Dataset extract
■ ■ ■ ■
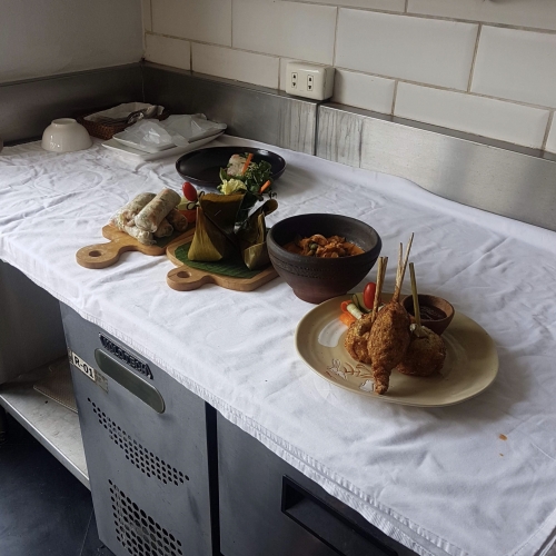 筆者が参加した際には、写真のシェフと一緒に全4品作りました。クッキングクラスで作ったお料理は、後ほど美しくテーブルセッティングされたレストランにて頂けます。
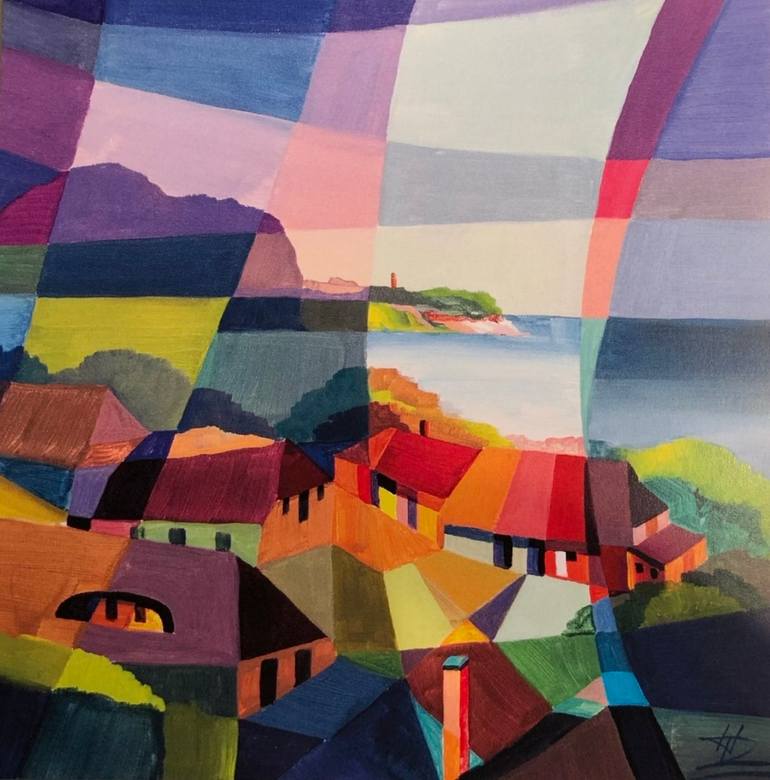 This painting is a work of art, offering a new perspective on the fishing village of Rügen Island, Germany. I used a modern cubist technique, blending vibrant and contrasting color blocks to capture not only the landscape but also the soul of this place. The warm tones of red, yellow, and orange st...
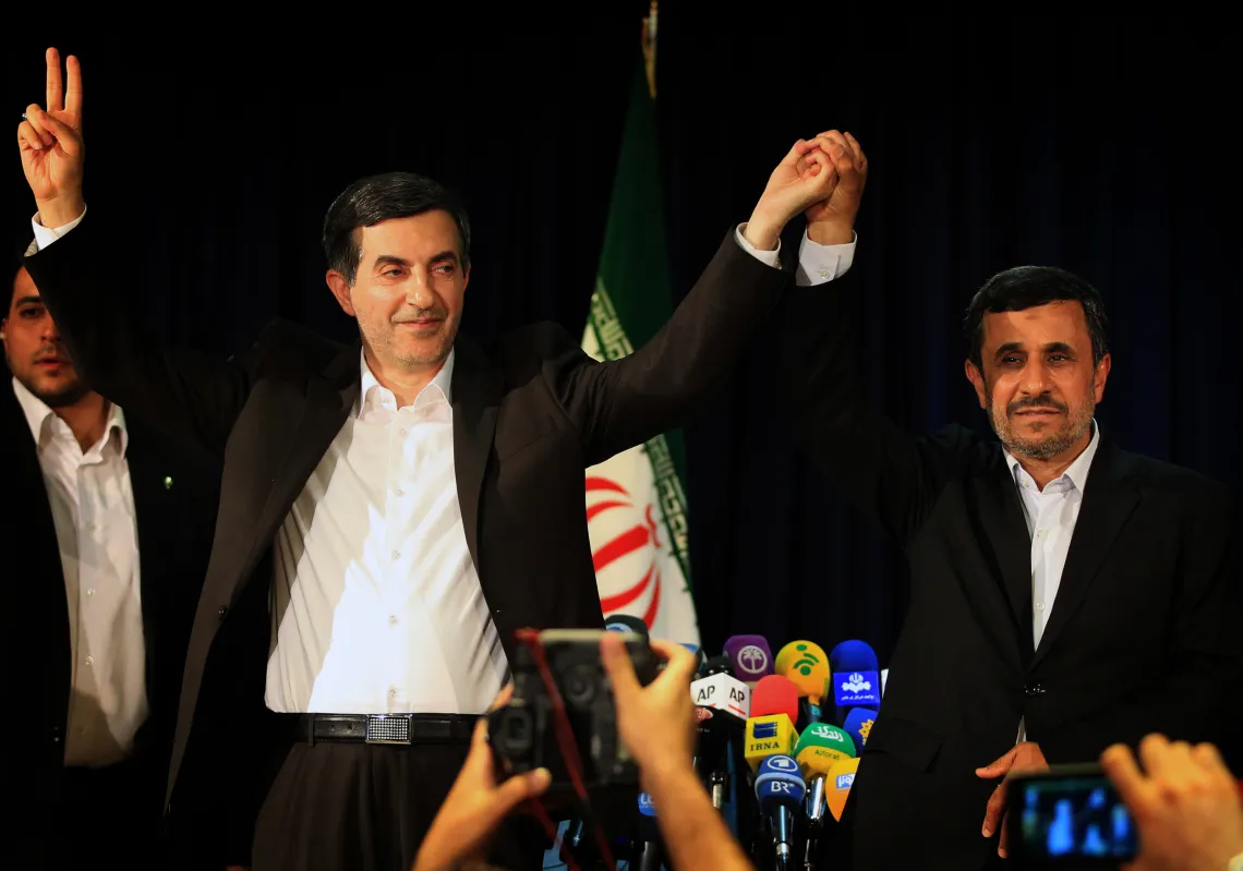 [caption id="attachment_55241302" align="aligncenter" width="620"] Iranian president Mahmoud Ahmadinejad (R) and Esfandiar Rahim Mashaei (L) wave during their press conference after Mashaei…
■ ■ ■ ■
Exercise description
A word-for-word restatement of all the lines above is needed, with the pictures omitted.

Finished exercise
 筆者が参加した際には、写真のシェフと一緒に全4品作りました。クッキングクラスで作ったお料理は、後ほど美しくテーブルセッティングされたレストランにて頂けます。
 This painting is a work of art, offering a new perspective on the fishing village of Rügen Island, Germany. I used a modern cubist technique, blending vibrant and contrasting color blocks to capture not only the landscape but also the soul of this place. The warm tones of red, yellow, and orange st...
 [caption id="attachment_55241302" align="aligncenter" width="620"] Iranian president Mahmoud Ahmadinejad (R) and Esfandiar Rahim Mashaei (L) wave during their press conference after Mashaei…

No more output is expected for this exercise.